E aqui está mais um problema: a guerra em si transformou a infraestrutura energética do Golfo num enorme emissor involuntário de gases de efeito de estufa (GEE). As emissões de carbono atingiram, apenas durante as primeiras duas semanas do conflito, 5055 milhões de toneladas de CO2 e (dióxido de carbono equivalente), segundo o Climate Community Institute) — excedendo as emissões anuais totais de países como a Islândia ou a Albânia. As instalações que estavam a descarbonizar-se lentamente, agora estão como no início dos anos 2000.

Noutra frente, Donald Trump ameaça aplicar tarifas de 100% a qualquer país que ouse impor um imposto sobre serviços digitais aos gigantes tecnológicos americanos. Ao mesmo tempo, pois é, a União Europeia tenta aplicar o CBAM, que agora abrange produtos acabados e produtos químicos, além de aço, ferro, alumínio e cimento. O resultado é uma guerra comercial dentro de uma guerra comercial.

Entra então o jogo de forças: o acordo EUA-UE sobre o CBAM prometeu "flexibilidades adicionais" para as empresas americanas. Sendo que a África do Sul exigiu, e muito bem, tratamento igualitário; alertando que o CBAM poderia reduzir as exportações de África para a UE em 30-35% (até $2,1 mil milhões até 2030), segundo a Comissão Presidencial Sul-africana, afetando milhões de empregos.  Já a Venezuela, sem exigências, é o país mais exposto ao CBAM na América Latina no setor do alumínio – com, segundo a OPIS, 35% das suas exportações destinadas à UE… No entanto, a Venezuela mal pode produzir alumínio.

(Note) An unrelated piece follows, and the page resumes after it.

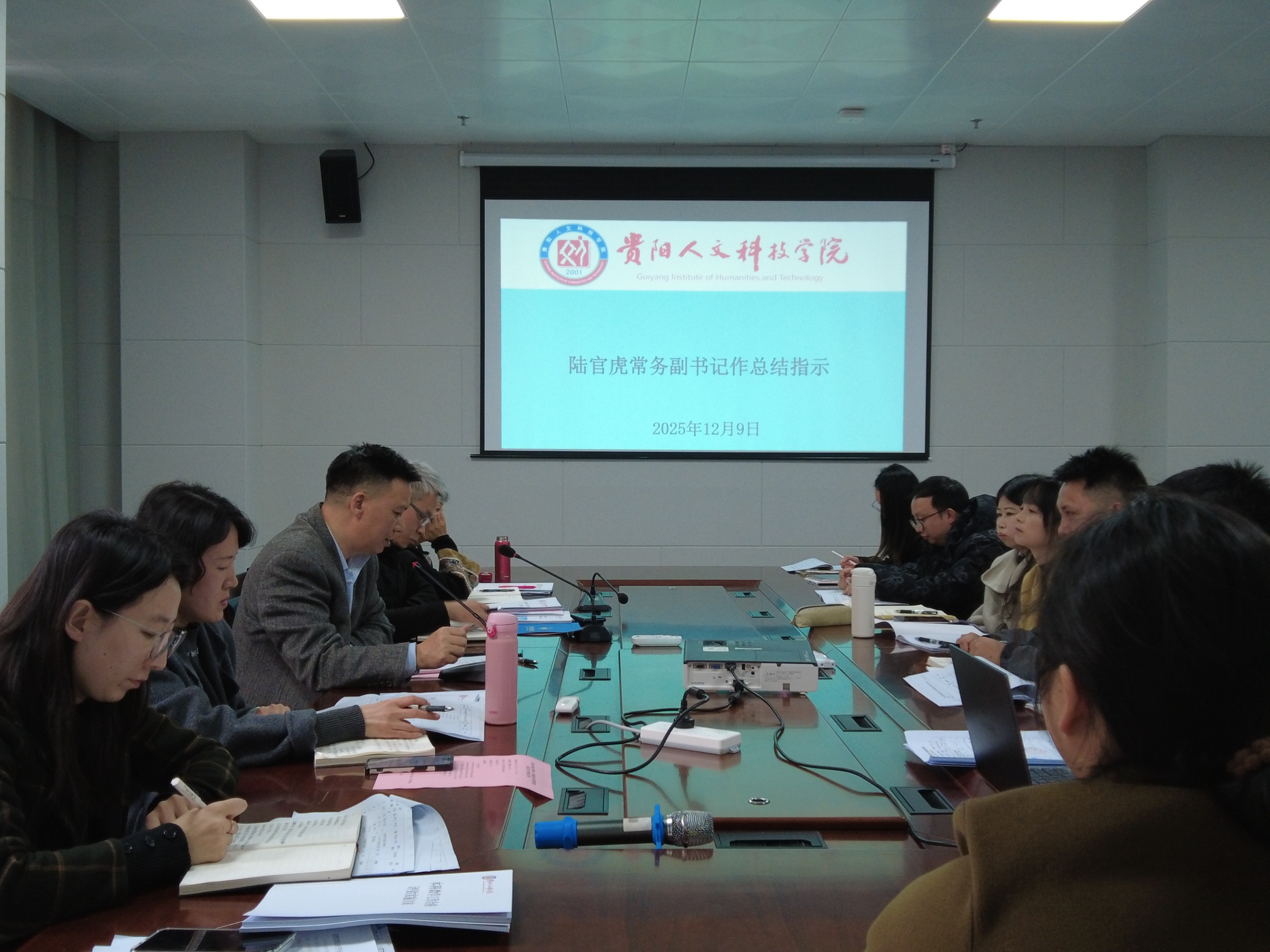 学校常务副书记陆官虎在听取汇报后作总结讲话,对经济与管理学院前期评建准备工作给予肯定,并对下一阶段工作提出明确要求:第一,要统一思想,做好苦干准备。全体教职工要充分认识本科教学合格评估对于学校及学院生存发展的极端重要性,切实增强使命感、责任感和紧迫感,摒弃侥幸心理,树立攻坚克难的决心,发扬连续作战的作风。第二,要履职尽责,主动担当作为。每位教职工不仅要高质量完成职责范围内的“规定动作”,更要以主人翁的姿态,主动发现教学、管理、服务各环节中存在的问题与短板,积极思考,主动协调,推动问题有效解决。第三,要加快节奏,紧密协同配合。必须紧跟学校整体评建工作步伐,倒排工期,挂图作战,加快各项工作节奏。学院内部要加强协同,各科室、各教研室要紧密配合,形成全院一盘棋的工作格局,确保与学校各阶段、各层级的工作部署同频共振,无缝衔接。

O que isto expõe sobre o CBAM não é uma questão de compaixão – é uma questão de design. O mecanismo foi construído para penalizar os países que optam por não descarbonizar. Mas a Venezuela não escolheu nada: a intensidade de carbono das suas exportações reflete o colapso institucional, um apagão nacional (2019) e agora uma catástrofe geológica (2026) – não uma preferência pela tecnologia “suja”. Um mecanismo que trata a inação deliberada e a incapacidade estrutural, como a mesma coisa, não está a ter em conta a justiça redistributiva.

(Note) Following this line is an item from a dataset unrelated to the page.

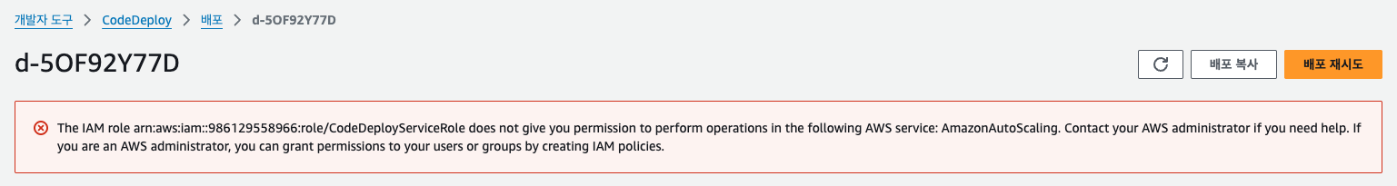 CodeDeploy에서 배포 시 위와 같은 에러가 발생할 수 있다.

No meio deste caos, até a França, no G7, tem evitado mencionar as alterações climáticas pelo nome – temendo um confronto com a Administração Trump. A cimeira deveria centrar-se nos minerais críticos, na Inteligência Artificial (IA) e no financiamento do desenvolvimento sustentável. Em vez disso, tornou-se uma sessão de gestão de colapsos sobre o Irão, a Ucrânia e as disputas comerciais.  

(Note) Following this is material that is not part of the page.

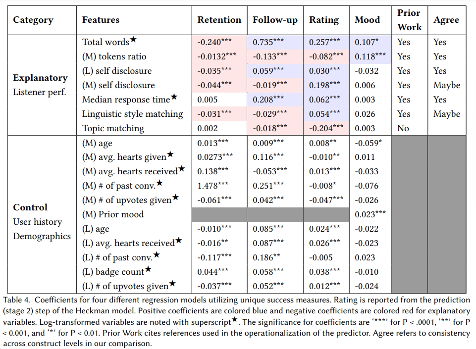 Triangulation of key success outcomes is valuable for online platforms because multiple outcomes provide a comprehensive overview of user engagement, and has been leveraged in digital user experience, human factors, medical informatics, and healthcare quality for designing and evaluating products. In the related area of predicting mental health states from social media data, Ernala et al. Previous work has suggested triangulation of diagnostic signals for predictive models to remedy issues in the validity and contextualization of predictor variables. However, to the best of our knowledge, no studies have paid attention to triangulating outcomes in studying peer-counseling on OMHPs despite the large body of research in connecting success outcomes with users' behaviors in OMHPs.

O CBAM foi projetado para um mundo onde o principal risco, na perspetiva da União Europeia, era as empresas mudarem-se para a China ou para a Índia. Mas em 2026, a verdadeira fuga vem da geopolítica — de guerras que aumentam as emissões, de guerras comerciais que fragmentam a ação climática, de uma Administração dos EUA que abandonou a cooperação internacional… e da natureza que, de vez em quando, nos surpreende!

Ora, não é possível separar a política climática de... política. Não podemos evitar migrações de carbono enquanto se travam guerras intensivas em carbono; não é possível construir substratos sustentáveis numa base bem sólida de… caos. E, por fim, vale a pena perguntar: até que ponto este CBAM nos serve, já que estrangula as comunidades vulneráveis e agrava, em vários cenários, as desigualdades globais?